Amis’s mountain break


Martin Amis has Ronda holiday after launching his new book

BESTSELLING author Martin Amis has been on holiday in Ronda after starring at this year’s Hay literary festival in Granada.

The award-winning writer has been staying at the finca where his mother has lived since the Franco days.

He travelled to Ronda after appearing alongside 50 other celebrated writers including Vikram Seth and Orham Pamuk, at the Spanish arm of the UK literary festival.

Taking place for the second time, Amis was interviewed by Hay director Peter Florence after giving a short reading from his new book The Pregnant Widow.

He told a large audience how it reflected the Sexual Revolution in the 1970s and described it as “very autobiographical”.

The novel is set in a castle in Italy during the early 1970s where, according to the publishers, “half a dozen young lives are afloat on the sea change”.

He also made headlines, when he said that Spain should be grateful to ETA for assassinating a former prime minister in line to replace dictator Franco.

“There are not many reasons to thank ETA for something, but in this case yes,” he told the audience.

Admiral Luis Carrero Blanco was assassinated in an ETA bomb blast in Madrid in December 1973 just six months after being named prime minister.

Amis is a regular visitor to Spain to see his mother and brother Philip, who also lives in Ronda.
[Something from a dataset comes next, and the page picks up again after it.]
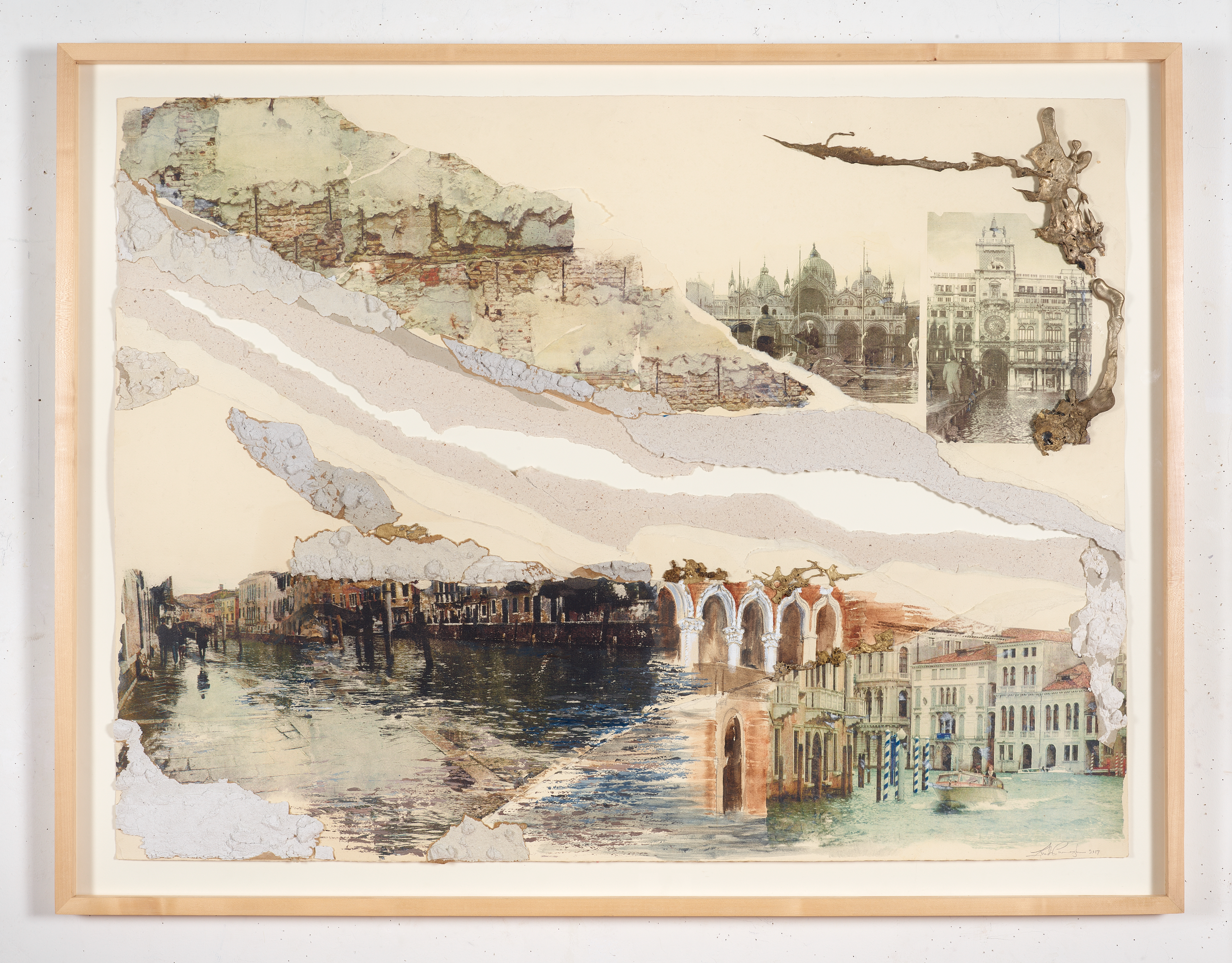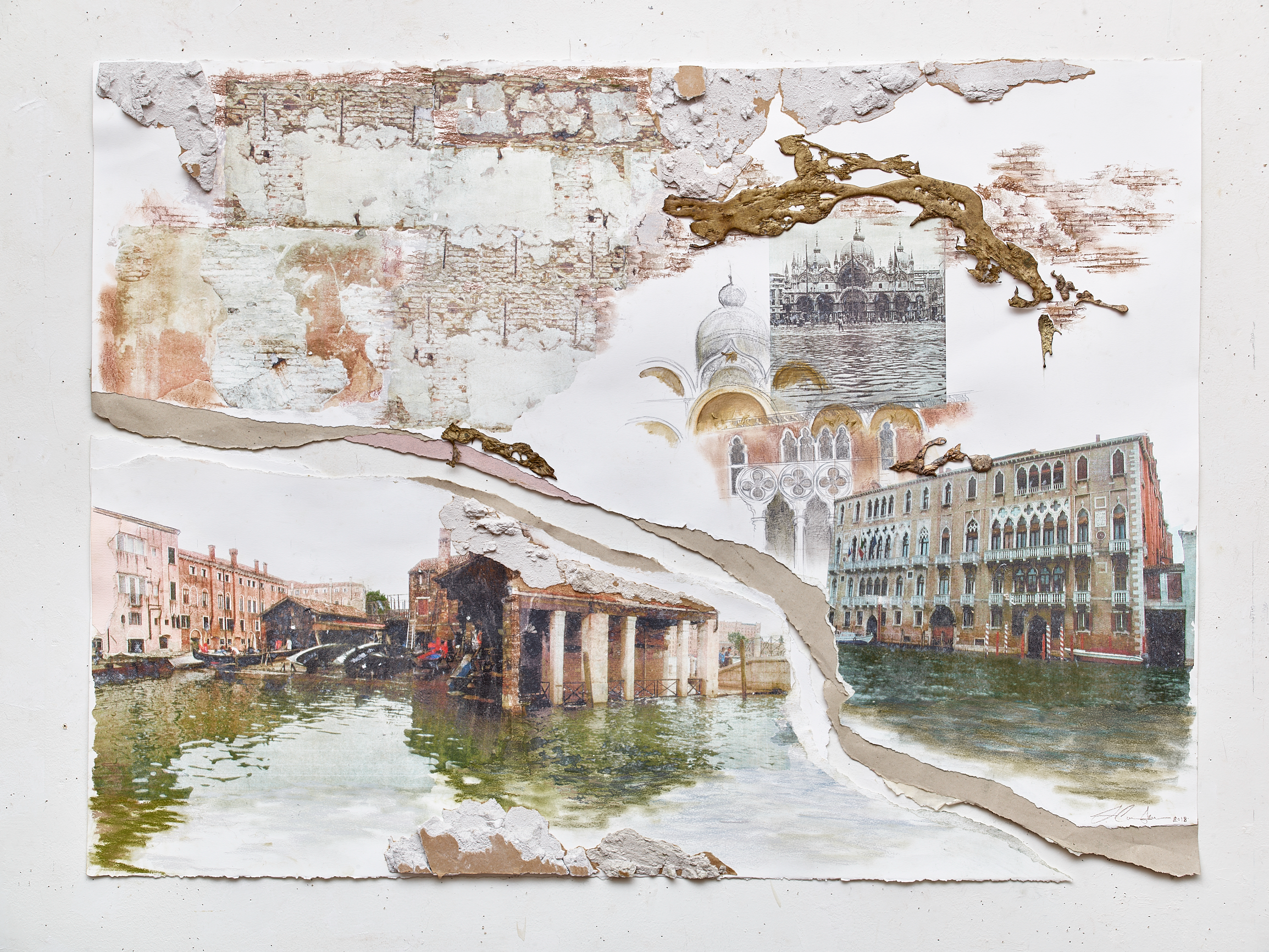 I often transform found structural remnants and materials as aesthetic and metaphoric elements: a kind of Urban Mining. In this Venice series the fragments of the fragile, golden, sand-cast bronze refer to the golden mosaics and fragile treasure that is Venice. The bronze fragments are remnants of the distinctive technique I developed to create bronze shaped by the process of the pour that results in highly-textured, beautiful relief and three-dimensional forms.

He is said to have part-written a number of books in Ronda, including The Rachel Papers.

Amis, the son of Sir Kingsley Amis – author of Lucky Jim – is now a grandfather: his daughter Delilah, from his first marriage, had a son last year.
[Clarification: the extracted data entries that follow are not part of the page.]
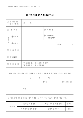 ■ 국세기본법 시행규칙 [별지 제○호의○서식] <개정 ○.○.○> 청구인지위 승계허가신청서 ① 심 사(심 판) 청 구 번 호 제 호 ② 청 구 인 ③ 처 분 청 승 계 인 ④ 성 명 ⑤ 주 민 등 록 번 호 (사 업 자 등 록 번 호) ⑥ 주 소 (전화: ) ⑦ 신 청 원 인 ⑧ 증명자 료 목 록 ⑨ 근 거 법 령 「국세기본법」 제○조제○항 단서 「행정심판법」 제○조제○항 위와 같이 심사(심판)청구인지위의 승계를 신청하오니 허가하여 주시기 바랍니다. 년 월 일 신청인 (서명 또는 인) 귀하 ※ 작성요령: ⑧ 증명자료 목록란에는 그 밖의 증명자료의 목록을 적습니다. 구비서류 신고인 제출서류 담당 공무원 확인사항 수수료 가족관계등록부증명서 등기사항증명서 없음 ○㎜×○㎜[일반용지 ○g/㎡(재활용품)]
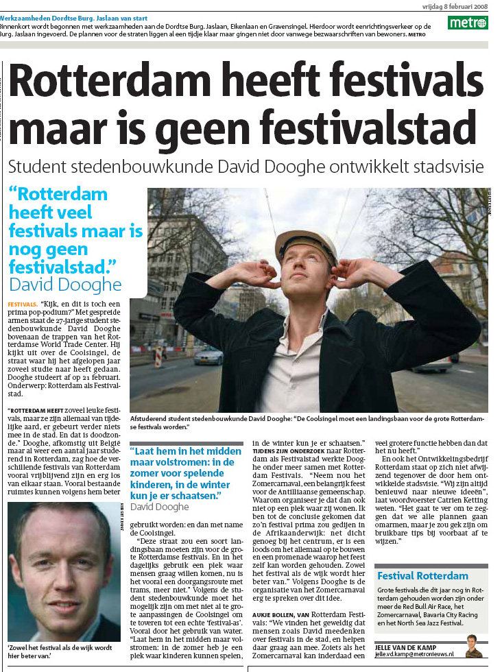 Interview with David Dooghe by newspaper Metro on project Festival City_Rottterdam and Rotterdam Urban Theatre.
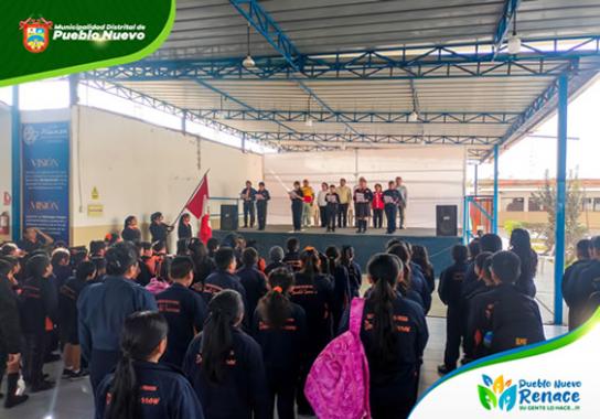 Esta visita forma parte de un cronograma de actividades que se lleva a cabo en las diferentes instituciones educativas, con el objetivo de concientizar a los estudiantes sobre la importancia de los valores cívicos y patrióticos. Durante la ceremonia, se destacó el entusiasmo de los alumnos, quienes están respondiendo de manera positiva en la entonación del himno del distrito de Pueblo Nuevo, reflejando un fuerte sentido de pertenencia y unidad.
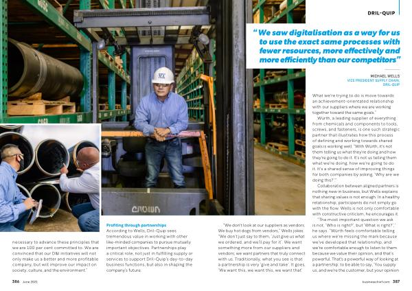 Profiting through partnerships According to Wells , Dril-Quip sees tremendous value in working with other like-minded companies to pursue mutually important objectives . Partnerships play a critical role , not just in fulfilling supply or services to support Dril-Quip ’ s day-to-day business functions , but also in shaping the company ’ s future .
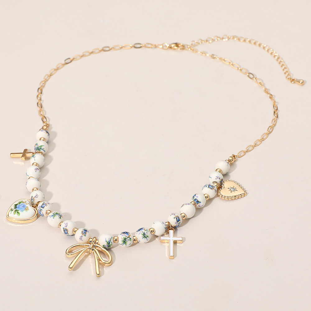 Bow Cross Heart Charm Beaded Floral Beaded Necklace Bow Cross Heart Charm Beaded Floral Beaded Necklace Bow Cross Heart Charm Beaded Floral Beaded Necklace
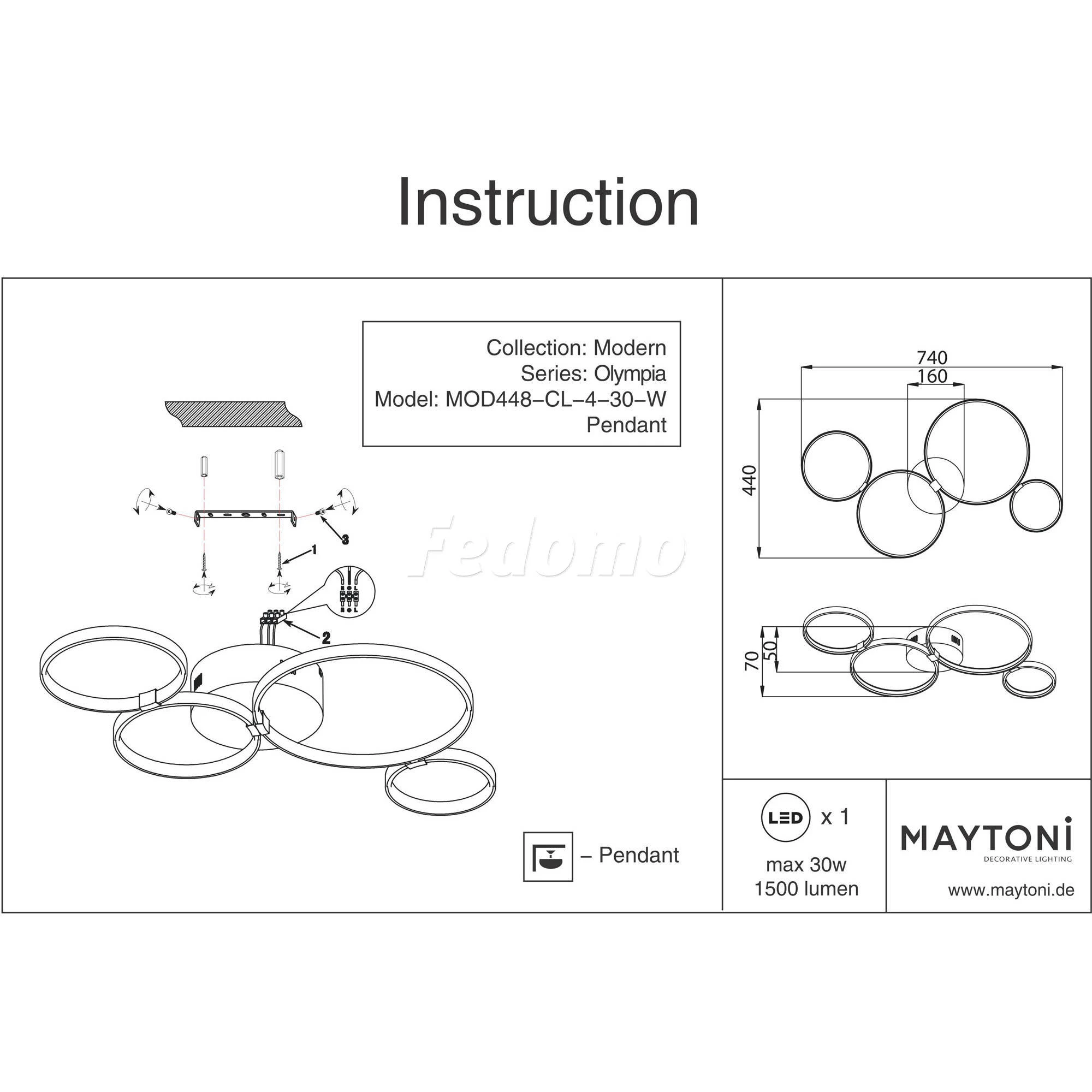 Люстра потолочная MOD448-CL-4-30-W из серии Olympia от компании Maytoni устанавливается на монтажную пластину. Современная люстра прекрасно подойдет в качестве источника основного света для прихожей и коридора, кафе, спальни, кабинета, офиса, оформленных в стиле хай-тек, минимализм. Основной цвет модели - белый, материал арматуры - металл. Люстра имеет 4 рассеивателя со свечением вниз, материал изготовления - матовый металл. Светодиодная модель с цоколем LED (1500xLED), имеет 1 лампочку с мощностью 30W и напряжением 220V. Габариты: ширина - 740 мм, высота - 20 мм. В комплекте есть лампочки. Лучшая цена и условия доставки на Maytoni MOD448-CL-4-30-W в интернет-магазине Fedomo.ru.

The Hay Festival, that was born in the Welsh town of Hay-on-Wye 20 years ago, is expected to become a regular event in Granada.

1 Comment

  1. Hay – a new Amis novel. Excellent!! Just what I need. I just finished listening to the 18CDs of London Fields, in my car on the way to and from work between Bundaberg and Innes Park, Qld Australia. Living with those characters, for about three months and as reprehensible though some of them may be, and about as far removed from where I lived as the moon, I cried at the end. Further convinced of Martin’s genius – his love for his characters, his use of the language. Superb really… cheers.